You say that you just bought the GZ34...Was the tube previously tested by the seller? If so, I'll bet the tube is the problem...


----------



## Ripper (Jul 1, 2006)

Does it work with the rectifier cap in place instead of the gz34?


----------



## bluesbird (Oct 30, 2007)

Ripper said:


> Does it work with the rectifier cap in place instead of the gz34?


Yes, it does work well with the rectifier cap. I haven't really tested the tube myself, which I will. I got it from an honest seller.


----------



## Wild Bill (May 3, 2006)

neno said:


> Yes, it does work well with the rectifier cap. I haven't really tested the tube myself, which I will. I got it from an honest seller.


There is a big difference between being honest and being right! Your seller may believe that the tube was ok. However, if the socket is wired correctly the only explanation is the tube! 

Just because a tube heats up doesn't mean that its working. There's more going on inside it than that.

Still, with rectifiers 99% of the time if they DO light up then they DO work!

First thing is to try another tube. Or try your tube in another amp to make sure it's working. Unless you have access to a tube tester, of course.

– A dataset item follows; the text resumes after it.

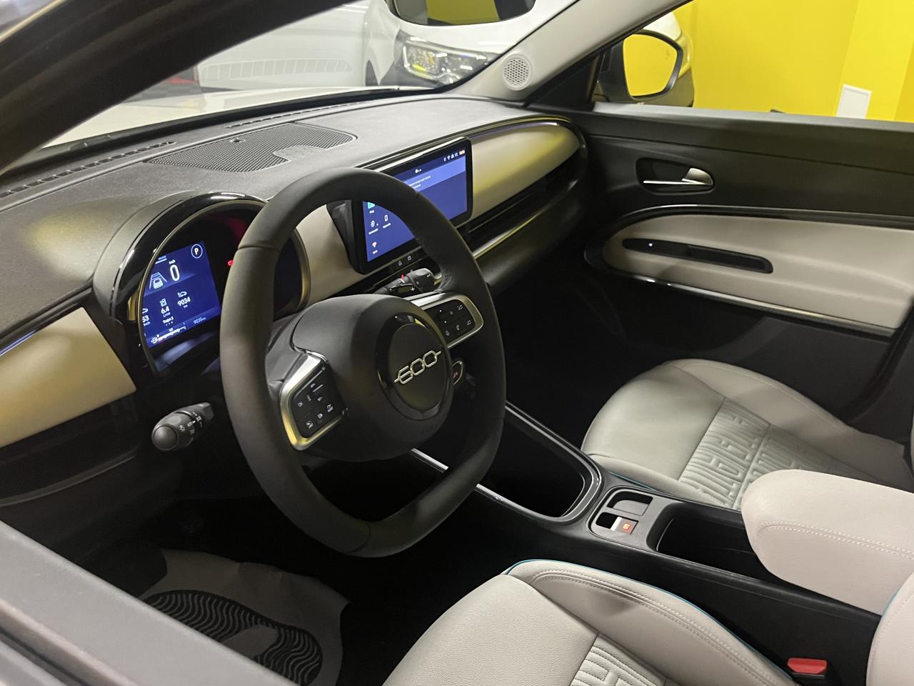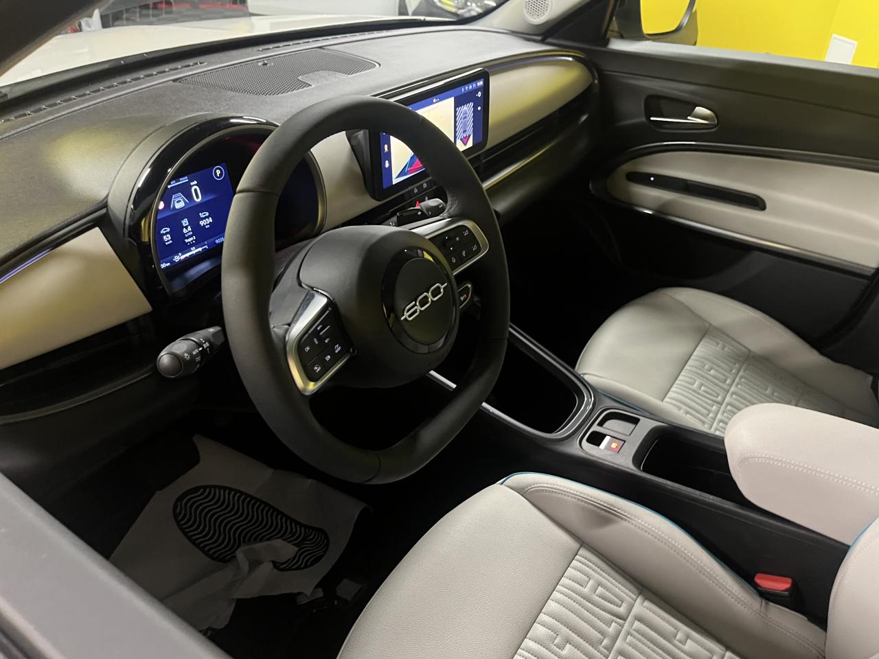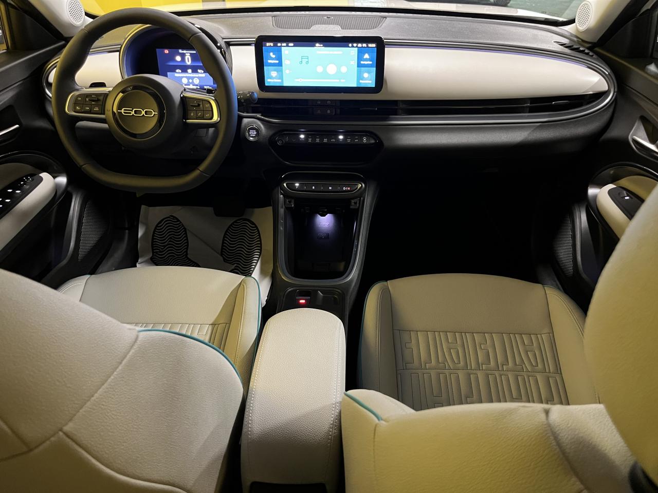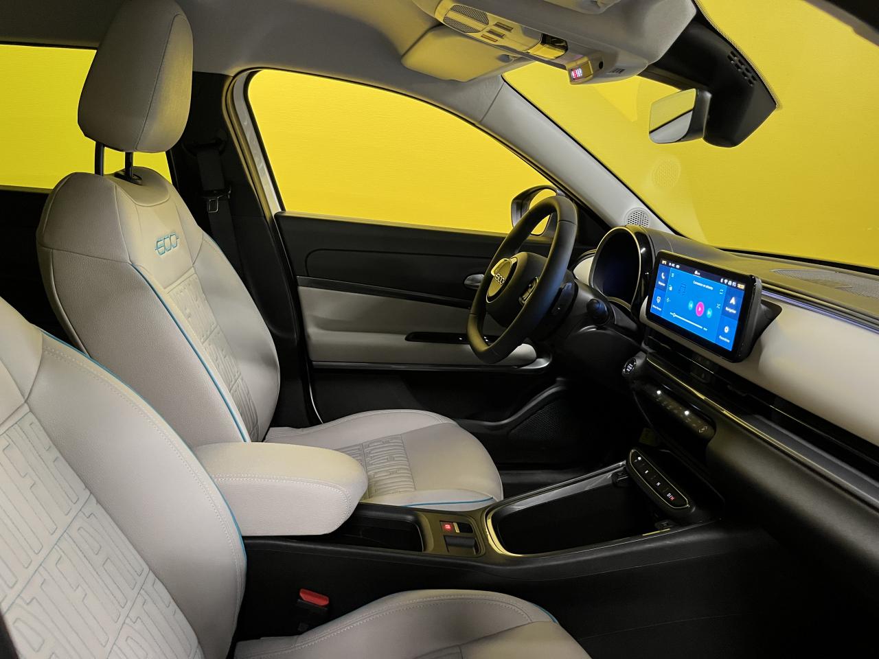 - Sellerie premium ivoire soft touch avec monogramme FIAT et logo 600 Bleu Azur

If it still doesn't work, I would check to make sure that no one re-wired the socket, or that maybe there's a problem in the pins. To my knowledge, the JTM45 never had silicon rectifier diodes. They used the tube. I'm assuming that you were using some kind of replacement built into a tube-style base. There were and are a lot of these around and they didn't all have the exact same pinout as the GZ34. Someone might have decided to use what they had and just change the wiring on the socket to match. That would mean that you couldn't just pull the replacement and plug a tube rectifier back in but they likely either didn't care or figured they'd just change the wiring back again.

The way to tell is to look at the bottom of the socket, on the inside of the chassis. You will see a little keyway in the round hole of the locator centre of the socket, to match a little 'nub' on the base of the tube. This is how we make sure that the pins on the tube match the socket. The pins are numbered clockwise, from the left of that locator notch.

Pins 4 and 6 should go to the power transformer and are likely red. These are the high voltage AC leads. There should also be two yellow wires that feed pins 2 and 8. These carry 5 volts of AC to heat up the rectifier tube. Then there should be another wire (probably red) from pin 8 that goes over to the 1st filter cap(s) in the power supply, and also the standby switch.

If this doesn't jive with your amp, then somebody's messed with it!

:food-smiley-004:


----------